To further estimate trajectories of activity across time of recovery groups, the above model was extended by adding indicator variables for self-reported recovery time groups and for recovery group and relative week interaction. The choice of using day-level activity measurements and employing LMM with participant-specific intercept allowed us to avoid enforcing minimal data coverage or performing missing data imputation. Importantly, by including participants with missing data, we sought to increase the statistical power and avoid biasing our population-level estimates of activity.
Prediction of Self-Reported Recovery Times
To demonstrate the utility of wearable PGHD in predicting long-term trajectories of mobility recovery, the experiment was designed to evaluate performance of classifying self-reported recovery time labels. The machine learning task setup is described in more detail in online supplementary Note 5. In short, the model’s performance was compared in 6 scenarios which differed in assumed availability of PGHD from wearable sensors: (1) no post-operative, no pre-operative, (2) no post-operative, 6 months (full) pre-operative, (3) 4 weeks post-operative, no pre-operative, (4) 4 weeks post-operative, 6 months pre-operative, (5) 6 months (full) post-operative, no pre-operative, (6) 6 months post-operative, 6 months pre-operative; in each case, demographics (age, gender) information was used.
Due to relatively small sample sizes for bone fracture and knee/hip replacement surgery predictive data sets (n = 46 and 26, respectively; Table 1), the experiment was narrowed down to analyzing the tendon/ligament surgery group only (n = 125), and the task was cast as a binary classification of a participant into a faster (“0–2 months”; coded as negative case) and slower (“≥3 months”; coded as positive case) track of mobility recovery. The classification models were trained with the Extreme Gradient Boosting (XGBoost)  algorithm and evaluated in the 100-repeat holdout procedure. Alternative algorithms, including random forest with data imputation and feature preselection, and LASSO logistic regression were explored in preliminary stages of analysis and they did not yield performance results better than XGBoost (data not shown). The AUROC (area under the ROC curve) and AUPRC (area under the precision-recall curve) values, obtained on holdout test set across the 100 repetitions, are reported.

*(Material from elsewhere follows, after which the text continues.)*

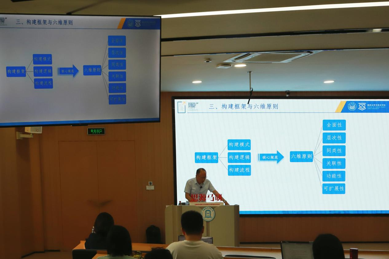 随后,郑春荣教授结合同济大学区域国别学知识图谱的建设实践,分享了具体的构建理念与方法论。他重点介绍了基于全面性、层次性、同类性、关联性、功能性、可扩展性六维原则的构建框架,并强调了“自上而下”进行顶层设计的重要性。他指出,知识图谱的构建绝不能是对现有课程的简单数字化翻版,而必须从区域国别学的人才培养目标和学科内核出发,进行体系化设计。

Table 1 shows a summary of the participant demographics and self-reported recovery time for the statistical modeling sample (n = 1,324) and predictive modeling sample (n = 197). Data are summarized for whole sample cohorts (“all”) and for respective strata by surgery type. Participants included in the statistical analysis sample were predominantly female (84%), white or Caucasian (85%), college-educated (62%), and young to middle-aged (mean 36.2 years, SD 12.9), closely in line with the distribution skewness we observed for the whole user base of the Achievement platform (77% female, 88% white or Caucasian, mean age 33 years ). The mean age varied across the surgery type sub-cohorts, from 32.9 years in bone fracture surgery to 47.7 years in knee/hip joint replacement surgery; for comparison, the average age for total hip arthroplasty and total knee arthroplasty patients was reported as 65 years  and 67 years , respectively. The most common self-reported time of recovery fell between 1 and 5 months for bone fracture and knee/hip replacement surgery, and from 1 to 12 months for tendon/ligament repair surgery.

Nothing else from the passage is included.